Materials provided:

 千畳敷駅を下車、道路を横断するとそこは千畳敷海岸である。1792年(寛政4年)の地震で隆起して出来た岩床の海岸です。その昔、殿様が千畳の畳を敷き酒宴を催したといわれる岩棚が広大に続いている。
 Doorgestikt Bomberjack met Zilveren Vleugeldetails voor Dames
---
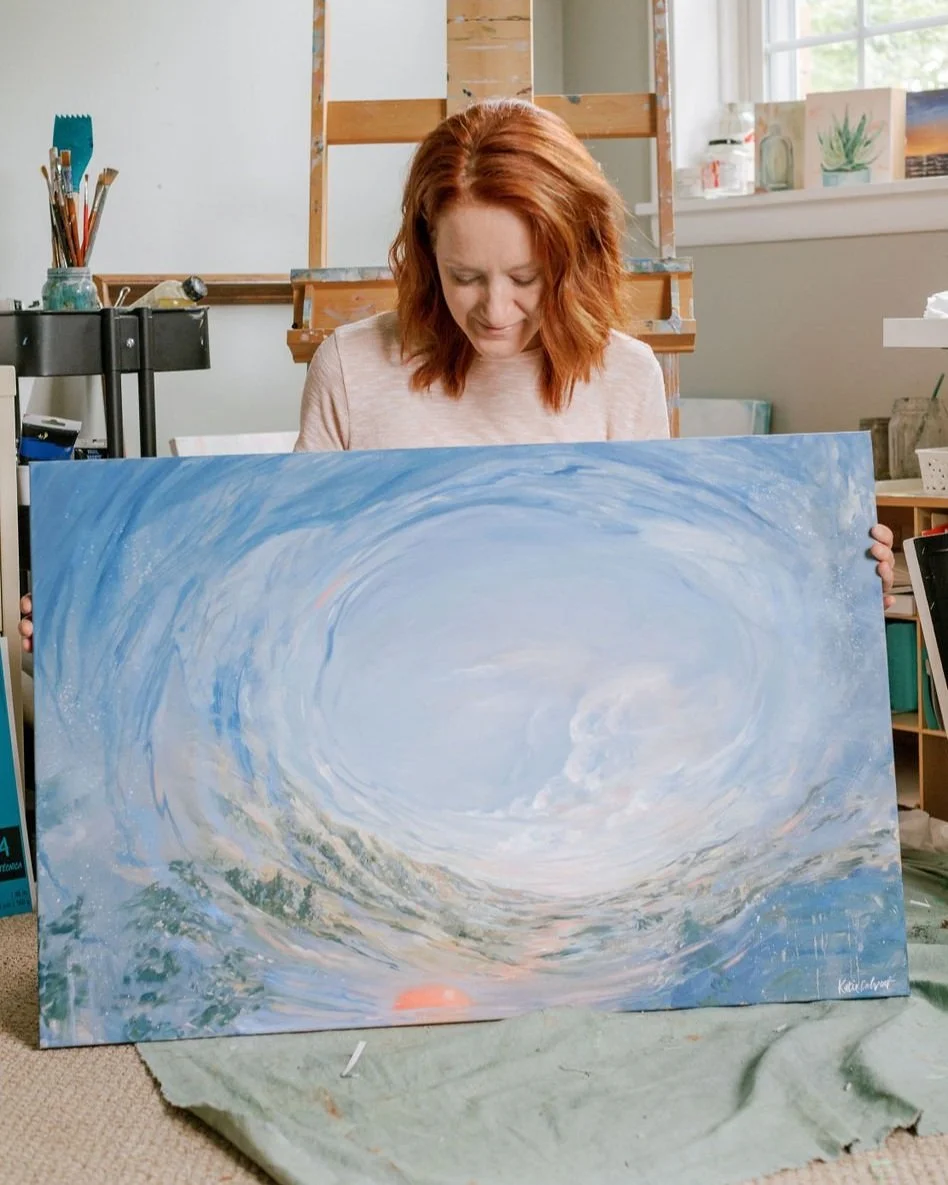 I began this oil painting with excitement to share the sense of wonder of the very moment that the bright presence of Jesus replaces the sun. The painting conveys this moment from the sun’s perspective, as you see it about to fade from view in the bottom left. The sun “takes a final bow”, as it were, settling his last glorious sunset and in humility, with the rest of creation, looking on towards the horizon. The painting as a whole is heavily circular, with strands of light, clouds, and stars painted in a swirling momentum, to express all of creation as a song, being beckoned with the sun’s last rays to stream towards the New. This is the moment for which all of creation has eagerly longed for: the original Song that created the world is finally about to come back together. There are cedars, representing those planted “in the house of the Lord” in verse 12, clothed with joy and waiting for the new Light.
* * *
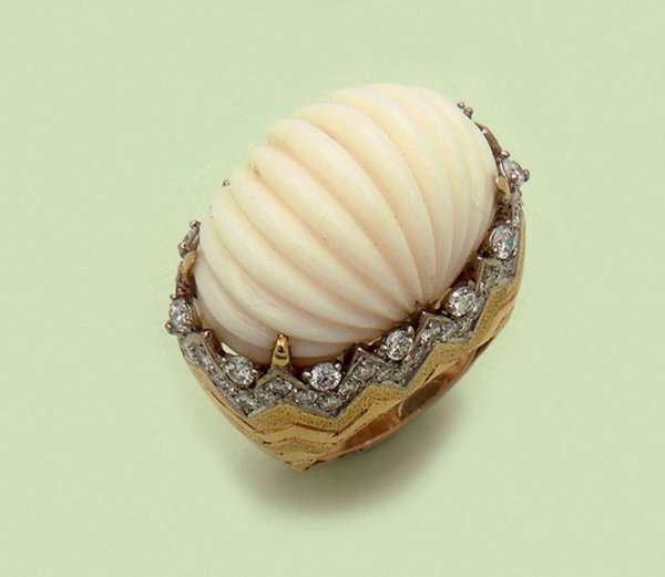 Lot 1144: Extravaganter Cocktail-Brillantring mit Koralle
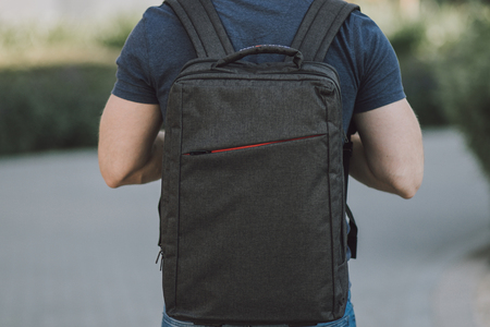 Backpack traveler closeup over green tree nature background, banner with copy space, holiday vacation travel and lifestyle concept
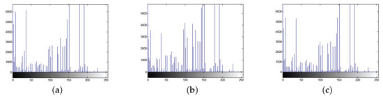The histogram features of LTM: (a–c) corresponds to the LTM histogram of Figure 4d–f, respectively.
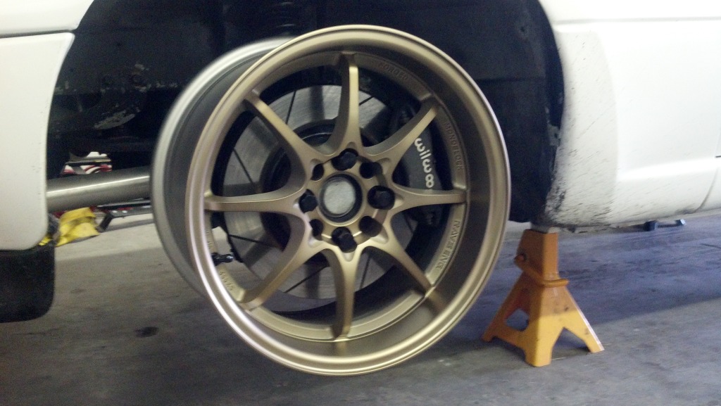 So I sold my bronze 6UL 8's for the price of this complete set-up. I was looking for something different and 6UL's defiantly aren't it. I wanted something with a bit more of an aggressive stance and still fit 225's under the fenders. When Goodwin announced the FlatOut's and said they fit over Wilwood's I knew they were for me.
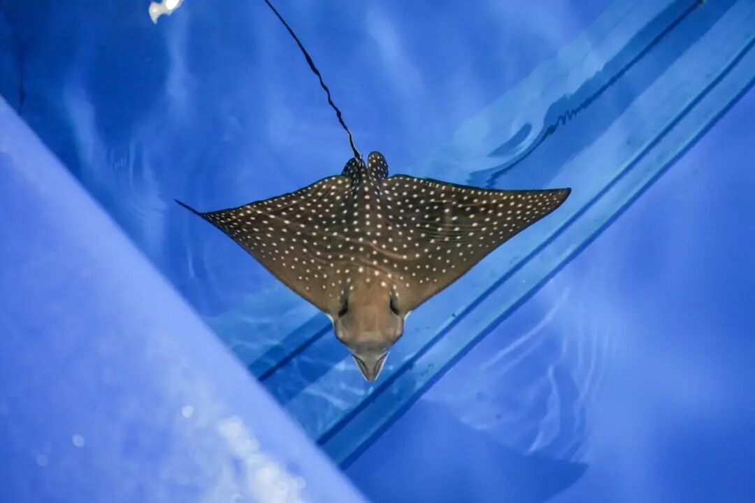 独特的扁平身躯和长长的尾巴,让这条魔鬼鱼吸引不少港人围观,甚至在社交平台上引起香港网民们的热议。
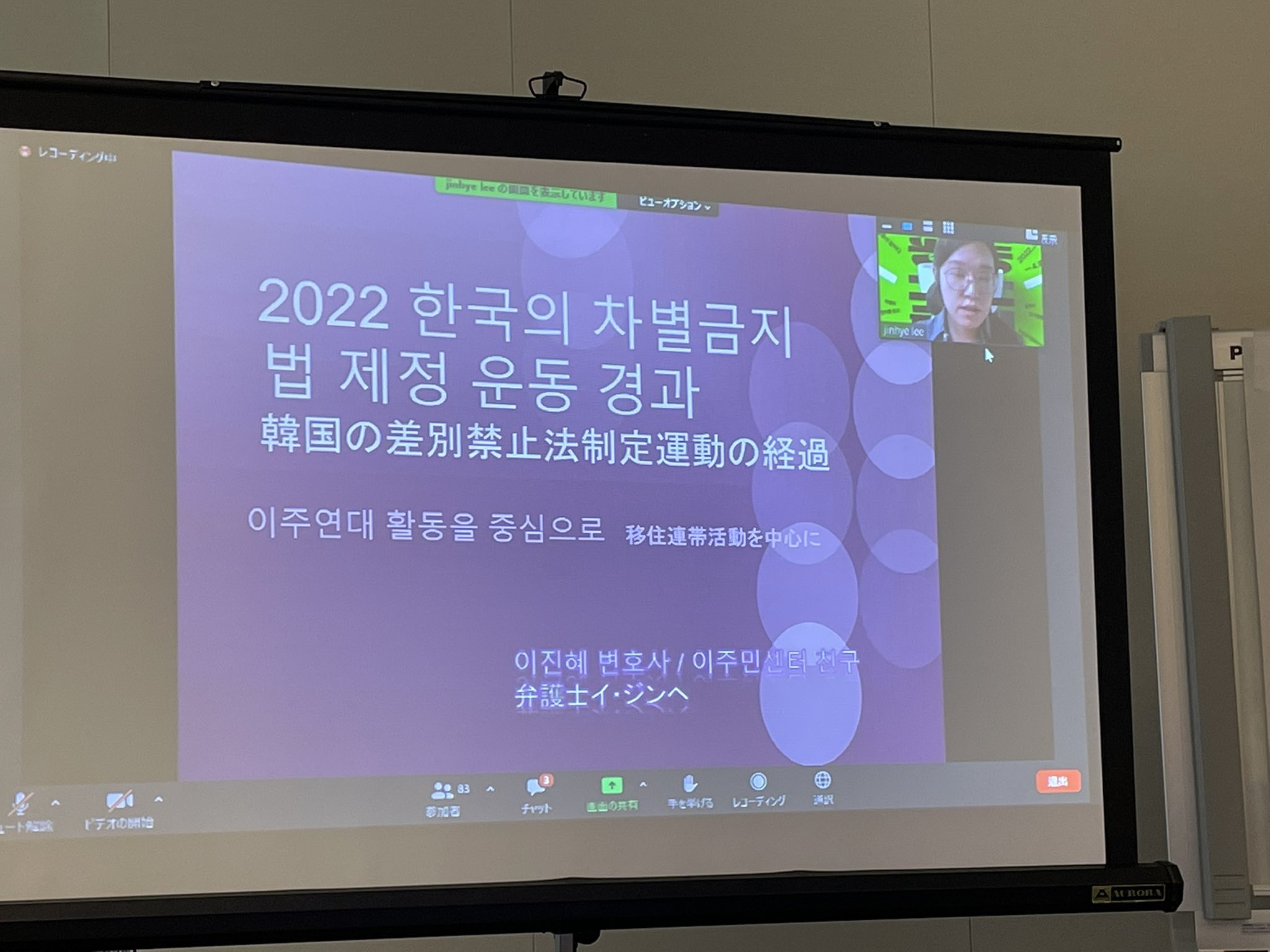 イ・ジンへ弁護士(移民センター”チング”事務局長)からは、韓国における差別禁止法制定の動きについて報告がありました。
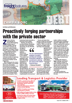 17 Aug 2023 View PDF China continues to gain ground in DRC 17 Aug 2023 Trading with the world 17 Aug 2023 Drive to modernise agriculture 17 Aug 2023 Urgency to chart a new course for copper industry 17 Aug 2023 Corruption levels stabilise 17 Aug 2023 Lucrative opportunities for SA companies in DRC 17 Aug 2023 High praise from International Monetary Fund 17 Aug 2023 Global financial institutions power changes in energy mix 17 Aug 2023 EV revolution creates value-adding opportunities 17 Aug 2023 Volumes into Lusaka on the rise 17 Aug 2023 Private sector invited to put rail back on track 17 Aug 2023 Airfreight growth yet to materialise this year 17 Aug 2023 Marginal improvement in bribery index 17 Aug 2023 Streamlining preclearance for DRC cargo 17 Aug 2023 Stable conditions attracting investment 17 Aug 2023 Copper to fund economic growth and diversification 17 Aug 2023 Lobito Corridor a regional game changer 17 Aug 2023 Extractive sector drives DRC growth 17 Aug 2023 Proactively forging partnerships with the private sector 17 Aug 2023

What to work on: Print the lines above from the one with "千畳敷駅を下車、道路を横断す" through the one with "Doorgestikt Bomberjack met", both included, exactly as written and nothing more.

Task answer:
 千畳敷駅を下車、道路を横断するとそこは千畳敷海岸である。1792年(寛政4年)の地震で隆起して出来た岩床の海岸です。その昔、殿様が千畳の畳を敷き酒宴を催したといわれる岩棚が広大に続いている。
 Doorgestikt Bomberjack met Zilveren Vleugeldetails voor Dames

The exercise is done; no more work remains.